My new main is a straight old type A I got in the mail today. It destroys my Type F and Type D cube.


----------



## starmountsoccer717 (Aug 7, 2008)

crabs!!!, where did you get your old type A?


----------



## blah (Aug 7, 2008)

Main cube: Type A core, type A edges, Japanese Speedcubing Kit (JSK) corners.
OH cube: JSK core, JSK edges, broken-in storebought corners.

New potential main cube (still breaking in): Pure storebought (4 days old and I'm getting sub-50 PLL time attacks!)


----------



## mrbiggs (Aug 7, 2008)

2: eastsheen
3: type D, (new) type A core. I'd use an old one if I could get one.
4: eastsheen
5-7: v-cube


----------



## Nuber Cuber (Aug 7, 2008)

My main 3x3x3:

Black type D pieces/screws/springs
Old type A core taken out of an old PuzzlePros cube.
Cubesmith tiles.

I have a green D as well, and to be honest, the black might be a tiny bit slower, but it doesn't pop hardly ever, while my green one will pop quite a bit.


----------



## crabs!!! (Aug 7, 2008)

starmountsoccer717 said:


> crabs!!!, where did you get your old type A?



Got it from my cousin who got it from Cube4you.


----------



## crazyasianskills (Aug 7, 2008)

New type A cube with Type D edge pieces.


----------



## Swordsman Kirby (Aug 9, 2008)

MistArts said:


> What's with the 3x3's...Just too many people are doing 3x3.



Don't tell me you seriously do 2x2 more than 3x3. Even I don't do that.

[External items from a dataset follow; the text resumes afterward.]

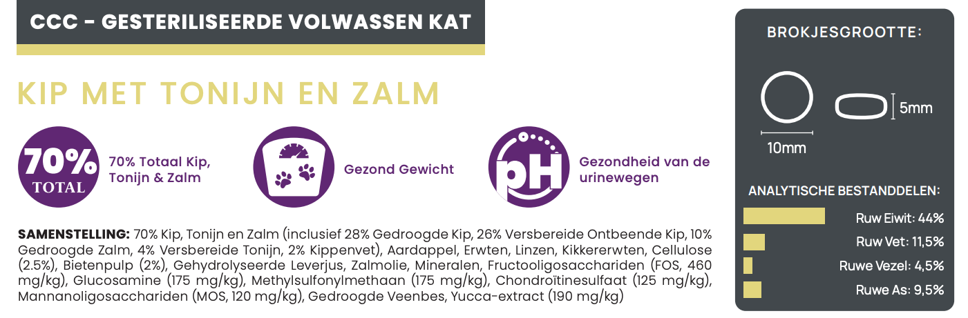 70% Kip, Tonijn en Zalm (inclusief 28% Gedroogde Kip, 26% Versbereide Ontbeende Kip, 10% Gedroogde Zalm, 4% Versbereide Tonijn, 2% Kippenvet), Aardappel, Erwten, Linzen, Kikkererwten, Cellulose (2.5%), Bietenpulp (2%), Gehydrolyseerde Leverjus, Zalmolie, Mineralen, Fructooligosacchariden (FOS, 460 mg/kg), Glucosamine (175 mg/kg), Methylsulfonylmethaan (175 mg/kg), Chondroïtinesulfaat (125 mg/kg), Mannanoligosacchariden (MOS, 120 mg/kg), Gedroogde Veenbes, Yucca-extract (190 mg/kg)
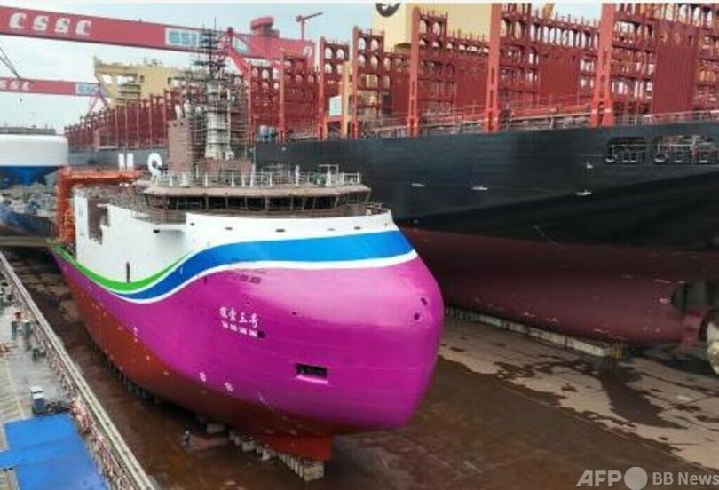 同船のドック出しは、中国が氷海域での深海科学調査装備と船舶設計を自主的に制御可能になった点で重要な進展を遂げたことを意味します。これはまた、中国の有人深海潜水能力があらゆる水深から全海域へ拡大し、深海考古作業の能力向上にもつながるとみられています。(c)CGTN Japanese/AFPBB News
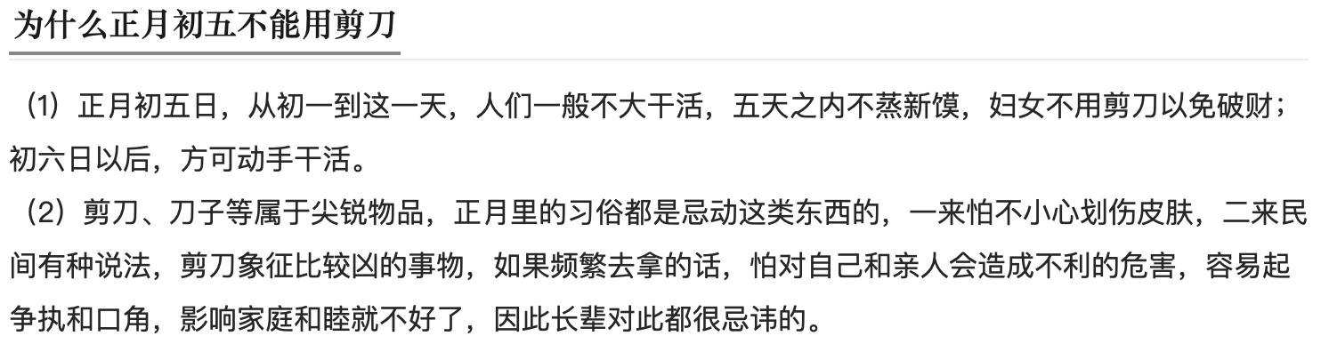![]() 正月初五一直有“破五”的说法,意思是这一天“破五穷”、“赶五穷”,也有“送年”的意思,而所谓的五穷,指的是智穷、学穷、文穷、交穷和命穷,不过关于赶五穷的来历,民间也有很多说法,比如说姜子牙的妻子之说,看过《封神榜》的人应该都知道,姜子牙有个背叛他的妻子,所以后来他封神的时候,就把背叛他的妻子封为穷神,说她“逢破必归”,因此民间都很讨厌她,所以初五的时候就“破”她。 ![]() 破五的风俗有很多,比如说把“穷娘娘”扫出门,就会给家里来个大扫除,会把家里的旧东西或者垃圾清除出去,还要焚香迎接财神,放鞭炮和吃饺子是必不可少的,有些地方在正月初五开市,意味着财源滚滚来。 ![]() 其实传统意义上的过年,指的是初一到初五这几天,在这些天中,人们是需要的放松或者享受,不能做新馒头,不能吵架,不能说不吉利的话,不能打扫卫生、动剪刀或者针线等,甚至连垃圾都不能倒掉。因为剪刀是凶器,在过年的时候用会影响家庭和睦,容易引发口角,据说用剪刀还会破财,因此才会有这种习俗。 ![]() |
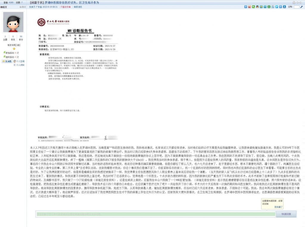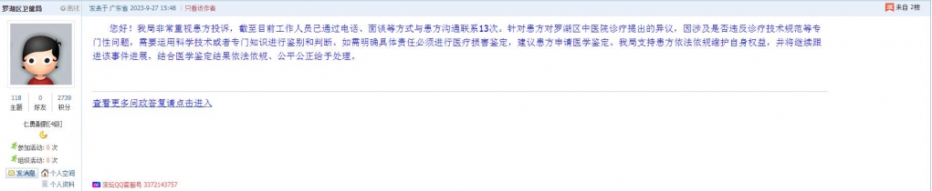 2、帖文《罗湖中医院存在医疗过失,区卫生局不作为》
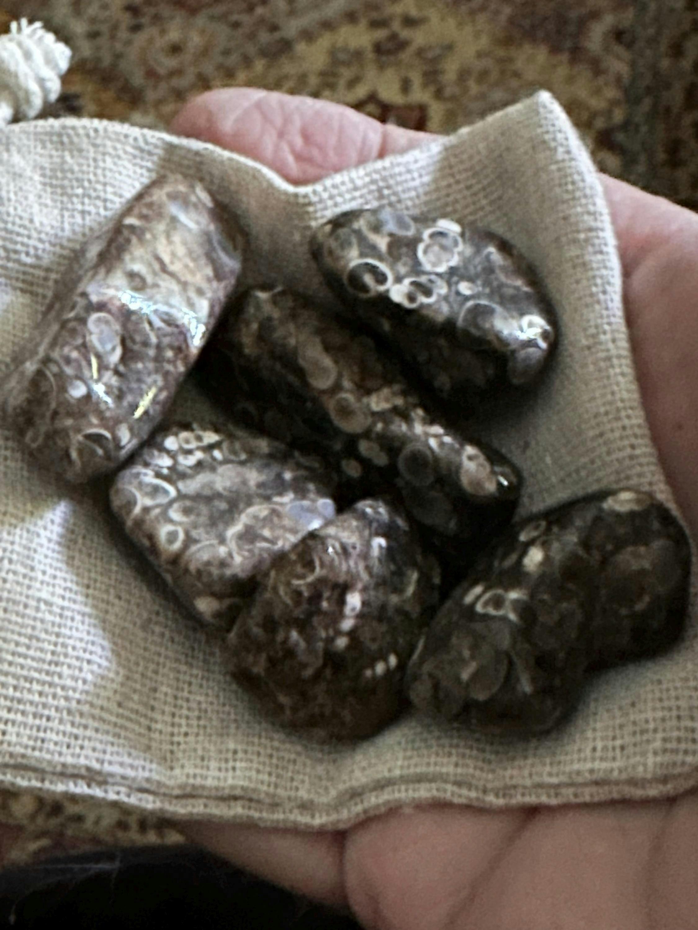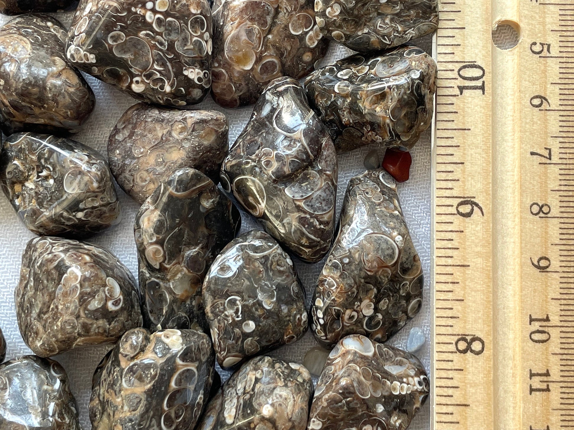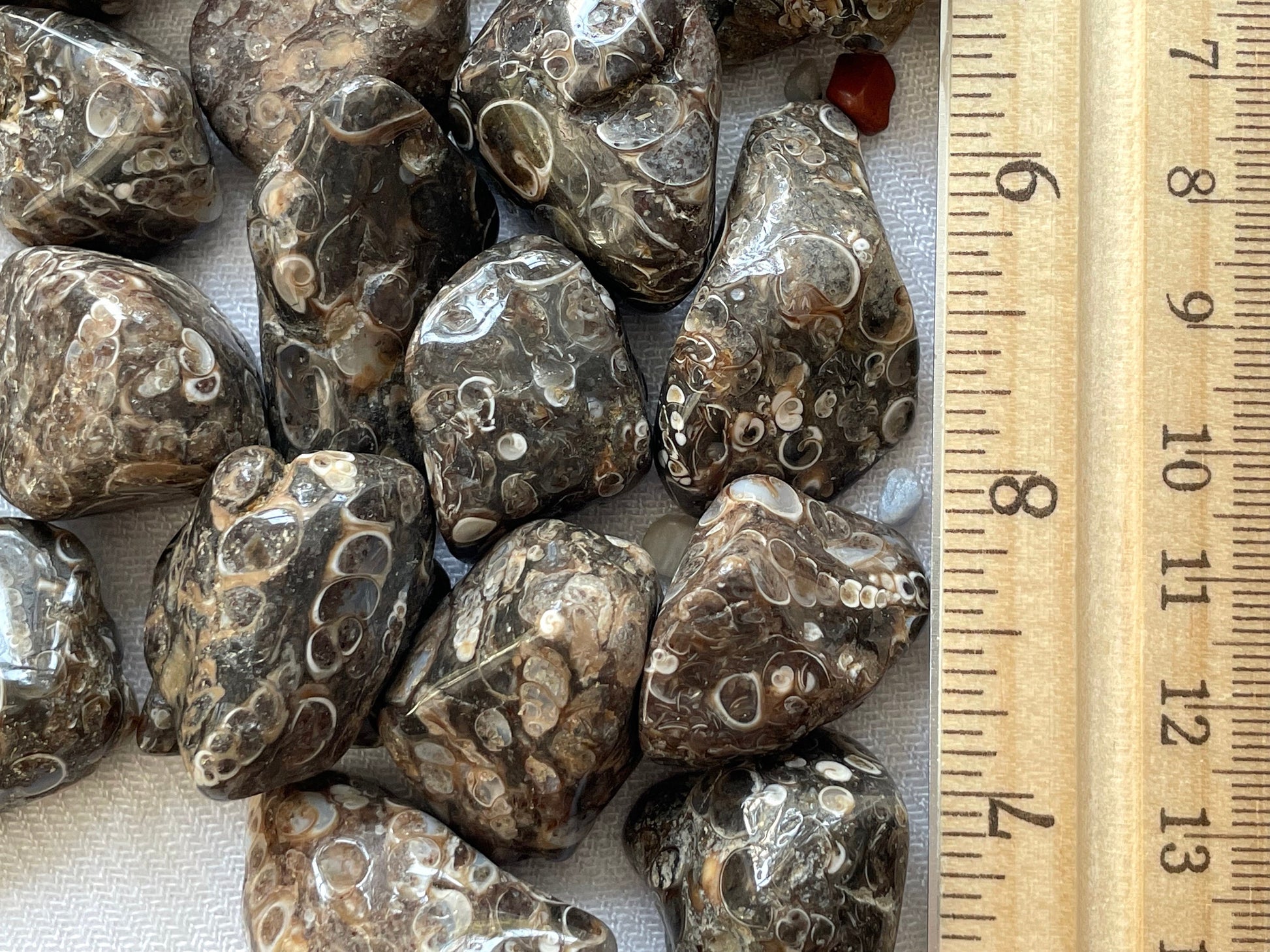 Fossilized turritella sea snails embedded in brown agate. Tumbled and polished.

I actually have no idea what type cube I'm using. It's probably a black type D with a type A core.


----------



## Zava (Aug 9, 2008)

2x2: ES, a very good one 
3x3: at the moment, I heared it's the same as JSK but without box, and accesories ( http://cube4you.com/332_Rubiks-3x3x3-Speed-Cube.html ) but I recently I was very lucky, and got an amazing storebought out of box  it's in the broking-in station.
4x4: currently ES, but i prefer old rubik's, if not too loose.
5x5: V-cube


----------



## SaberSlash49 (Jul 10, 2009)

Well, I started cubing in 2007 (unprofessionally I might add) and I recently ordered some actualy stuff to get into perhaps professional cubing, so here I go..

2x2: Rubik's 
3x3: Soon-to-be Rubik's DIY, and later on (as in 3 months or so) a Cube4You Type D diy and/or Cube4You speed cube.


----------



## Deleted member 2864 (Jul 10, 2009)

Well... I just use a type A with springs trimmed one coil to get it to turn faster and pop less.


----------



## Novriil (Jul 10, 2009)

WUT? I just posted on thread like this..
2: don't have
3: c4u cube
4: don't have
5: eastsheen I guess
6: don't have
7: don't have
pyraminx: DX white


----------



## Daniel Wu (Jul 10, 2009)

Lol. So did I. Two of the same threads.


----------



## CuberDude (Jul 11, 2009)

A super broken-in Rubik's brand cube. It cut corners like a type D and glides like a type A. Pops once in every 20 solves. All 6 centre pieces can stretch half a centimetre long.


----------